Pourtant, les nouvelles qui leur sont parvenues ce jour-là contredisent le plan directeur. Dans une présentation détaillée, un étudiant en maîtrise, à l'emploi du ministère de l'Environnement et des Ressources naturelles du Nicaragua, prétend que l'aquifère de Managua contient encore une abondante réserve d'eau. Il suffit, soutient-il, d'en améliorer l'entretien et la gestion (sans oublier la protection contre les sources de contamination possibles) : l'aquifère est en parfaite condition.
De sérieuses économies
Cette étude, qui pourrait faire épargner au Nicaragua des millions de dollars en coûts de construction inutiles, est l'oeuvre d'Oscar Cruz, un des premiers diplômés du programme de maîtrise en gestion des ressources en eau et hydrogéologie offert à l'Escuela Centroamericana de Geología de l'Université du Costa Rica. Institué en 1993 grâce au financement du Centre de recherches pour le développement international (CRDI), ce programme est unique en Amérique latine. Il a pour objet d'aider la région à augmenter sa capacité en hydrologie souterraine et à réduire ainsi sa dépendance à l'égard du savoir-faire étranger. D'une durée de deux ans, le programme est né d'un projet de gestion en réseau des ressources en eau dans les zones urbaines d'Amérique latine, lancé au milieu des années 1980 par le CRDI.
L'idée d'un programme de deuxième cycle a été proposée par le regretté Robert Farvolden, autrefois professeur et doyen de la Faculté des sciences à l'Université de Waterloo, en Ontario. C'est aussi à lui que l'on doit le Waterloo Centre for Groundwater Research (centre de recherches sur les eaux souterraines). Avant la mise sur pied de ce programme, on pouvait compter sur les doigts de la main les hydrogéologistes qualifiés en Amérique centrale, affirme , un diplômé de l'Université de Waterloo qui participe au programme au Costa Rica.

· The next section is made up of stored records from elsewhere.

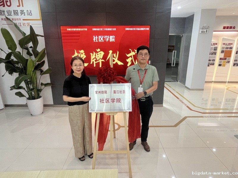 为全面延伸学校社会服务领域,加强服务学习型社会建设、营造终身学习环境,2023年8月25日,继教院走访了西湖街道,洽谈社区教育合作事项并达成合作意向。9月1日,由星空平台app官网、藻江社区、天福志愿服务中心三方共建的“社区学院”挂牌仪式在藻江社区举行。藻江社区党委书记谢孟、副书记任莉、社区老年服务活动站站长刘玉清、盐城高新区社区党委副书记蔡顺桃,天福聚家志愿服务中心蒋春主任、常州纺院继教院、人文学院、创意学院相关负责人和教师参加了活动。
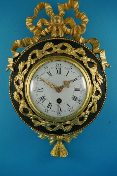 Französische Wanduhr, sog. Carteluhr von ca. 1890 in einem Gehäuse aus dunkelblau lackiertem Messing und gegossener und vergoldeter Bronze.
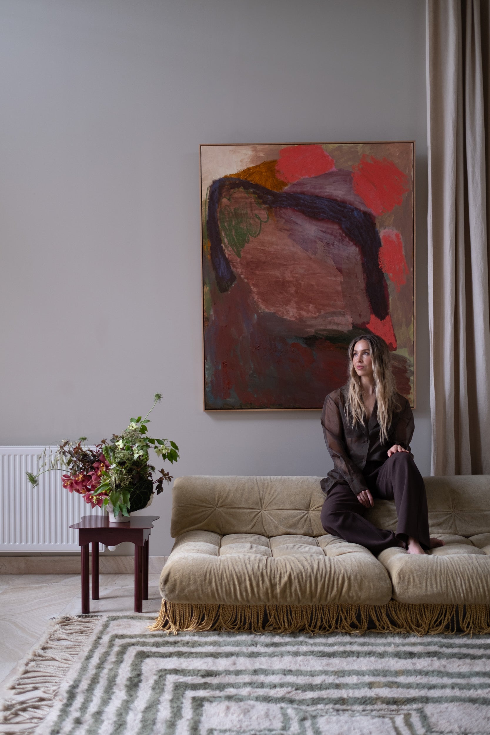 Her process is an exploration of contrasts, where harmonious tones meet bold, unexpected colours and rough, chaotic textures give way to moments of calm. Winfield’s work speaks to the realities of life, the tension between the demands placed on women and their desire for freedom and carefreeness. With each piece, she invites the viewer to witness a reflection of her inner emotional world, navigating the beauty and struggle of being a woman and mother.
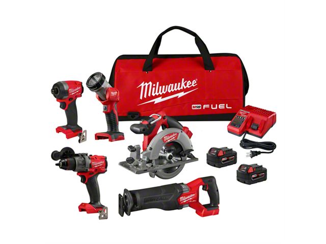 The Milwaukee M18 FUEL 5-Tool Combo Kit delivers users the most advanced 18-volt cordless drilling, fastening, and cutting technology in the industry. This Milwaukee 5 Tool Combo Kit features five M18 FUEL 18-Volt Lithium-Ion brushless cordless tools including a 1/2 in. Hammer Drill, 1/4 in. Impact Driver, SAWZALL Reciprocating Saw, 6-1/2 Circular Saw, and LED work light. M18 FUEL is fully compatible with the Milwaukee M18 18-volt cordless system, featuring over 250 solutions. M18 FUEL features the most advanced cordless technology in the industry a POWERSTATE Brushless Motor, REDLINK PLUS Intelligence, and REDLITHIUM Battery Technology, resulting in longer motor life, longer run time, and more power.
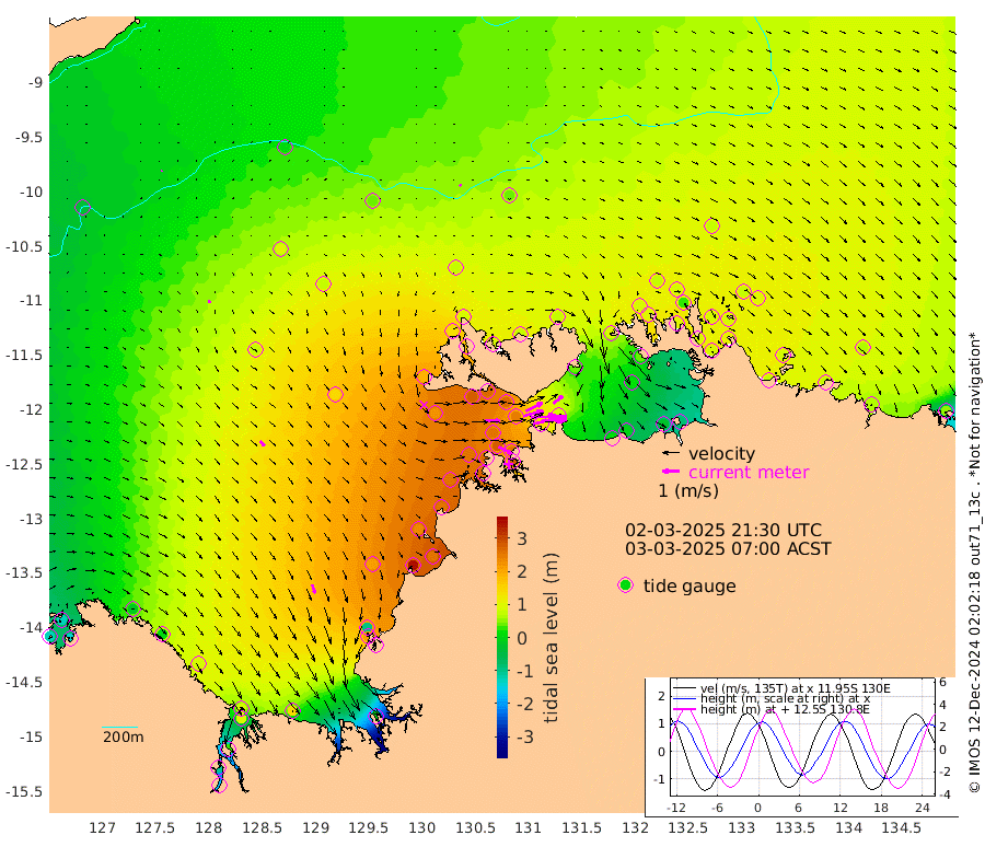 194cm/s 78T +4cm/s rms + 6cm/s 51T. Darwin_C1 52m 145cm/s 88T +4cm/s rms + 7cm/s -161T. Darwin_CW1 22m 118cm/s 74T +4cm/s rms + 8cm/s 61T. Darwin_CW2 34m 73cm/s 52T +3cm/s rms + 9cm/s 98T. Darwin_CW3 22m 154cm/s 88T +5cm/s rms + 7cm/s 88T. Darwin_C3 56m 110cm/s 64T +2cm/s rms + 9cm/s -126T. Darwin_CTbW 22m 10cm/s 136T +9cm/s rms + 2cm/s -110T. NWSLYN 196m 89cm/s 89T +1cm/s rms + 1cm/s -47T. DARBGF 30m 5cm/s 23T +7cm/s rms + 2cm/s -137T. ITFTIS 464m 16cm/s 171T +9cm/s rms + 1cm/s 74T. ITFMHB 146m 54cm/s 161T +4cm/s rms + 1cm/s -134T. ITFJBG 61m 41cm/s 139T +6cm/s rms + 4cm/s 121T. ITFFTB 108m 87cm/s 117T +4cm/s rms + 3cm/s 80T. NRSDAR 19m -126cm Carronade Island -127cm Guy Point -135cm Napier Broome Bay -19cm Lesueur Island 81cm Reveley Island 10cm Rocky Island 94cm Cape Domett 85cm Lacrosse Island 29cm Adolphus Island -105cm Pender Point -172cm Wyndham 68cm The Boxers 95cm Unnamed Shoal 6cm Loxton Shoal 143cm Pelican Island 70cm Calder Shoal 38cm Evans Shoal 0cm Quoin Island 212cm Port Keats 204cm Jones Point -98cm Catfish Island 212cm Cape Scott Offshore 343cm Cape Ford 250cm Anson Bay 70cm Goodrich Bank 234cm Peron Island North 248cm Point Jenny 248cm Native Point 254cm Fish Reef 267cm Tapa Bay 181cm Point Fawcett (Offshore) 269cm Burge Point 272cm Munkunuwa 222cm Beagle A 267cm Parsons Bank 254cm Fenton Patches 40cm Lynedoch Bank 243cm Hancox Shoal Area 257cm Nightcliff 271cm Darwin 270cm Charles Point Patches 138cm Glyde Point 19cm Chambers Bay -10cm Point Stuart 88cm Cape Hotham 20cm Christine Reef -26cm West Alligator Head -84cm East Field Island 36cm Two Hills Bay 145cm Newby Shoal 40cm Camp Point 263cm Medina Inlet South 168cm South Barlow Point 134cm St. Asaph Bay 82cm Cape Van Dieman 86cm Snake Bay 76cm Cache Point -35cm Echo Shoal 77cm Point Jahleel (Off) 92cm Cape Don 89cm Port Essington 92cm Smith Point - West 82cm NW Peacock Island 71cm North Of Jones Shoal 26cm Peacock Island 85cm Point David 93cm D'urville Point 69cm Money Shoal 83cm Copeland Island 106cm Cape Cockburn 82cm One Tree Point 96cm Hogmany Shoal 74cm New Year Island - West 82cm Grant Island 74cm Aurari Bay 75cm Cuthbert Point 85cm North Goulburn Island 67cm Paxie Shoal 64cm Entrance Island 47cm Yabooma Island
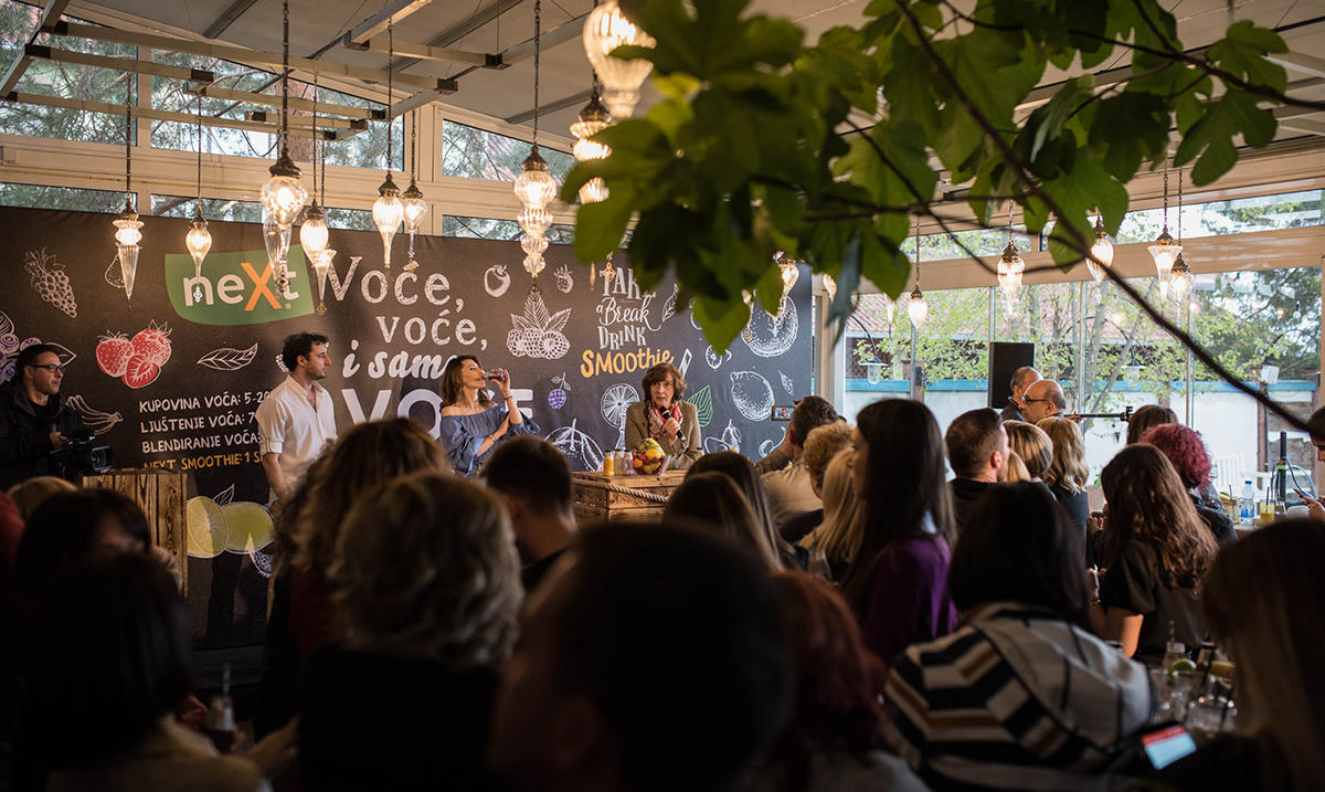 neXt Smoothie su među prvima imali prilike da probaju brojni gosti na događaju u restoranu „Pasent“ u Sremskim Karlovcima. Događaj organizovan u idiličnom ambijentu kraj Dunava okupio je veliki broj predstavnika medija, kao i popularne blogere i Instagramere, koji su uživali u bogatom zabavnom sadržaju za koji su između ostalog bili zaduženi i glumci Nikola Đuričko i Tamara Dragičević.

Ce n'est pas le travail qui manque
Selon Bethune, ce n'est pas le travail qui manque dans la région pour les gens qui ont une formation en hydrogéologie, discipline qui permet d'obtenir des renseignements fondamentaux et de faire des analyses capitales pour l'exploration, le développement et la gestion des ressources en eaux souterraines. En Amérique latine, 80 % de la population urbaine compte sur les eaux souterraines comme source d'eau potable ainsi que pour l'irrigation et d'autres besoins essentiels. Cependant, l'industrialisation accrue, l'utilisation intensive des produits agrochimiques et l'insuffisance des systèmes de traitement des eaux usées augmentent les risques de contamination de l'eau potable.
Pour s'attaquer à ces questions, l'Université du Costa Rica a conçu son programme dans une optique plurisdisciplinaire, offrant un enseignement non seulement en sciences hydrologiques et en ingénierie, mais aussi en gestion des ressources en eau en général, souligne Bethune. Les cours, qui ont commencé au début de 1995, sont présentement donnés par des professeurs du Costa Rica, du Brésil, du Canada et des États-Unis; l'objectif ultime étant de confier tous les postes de professeur de faculté à des latino-américains.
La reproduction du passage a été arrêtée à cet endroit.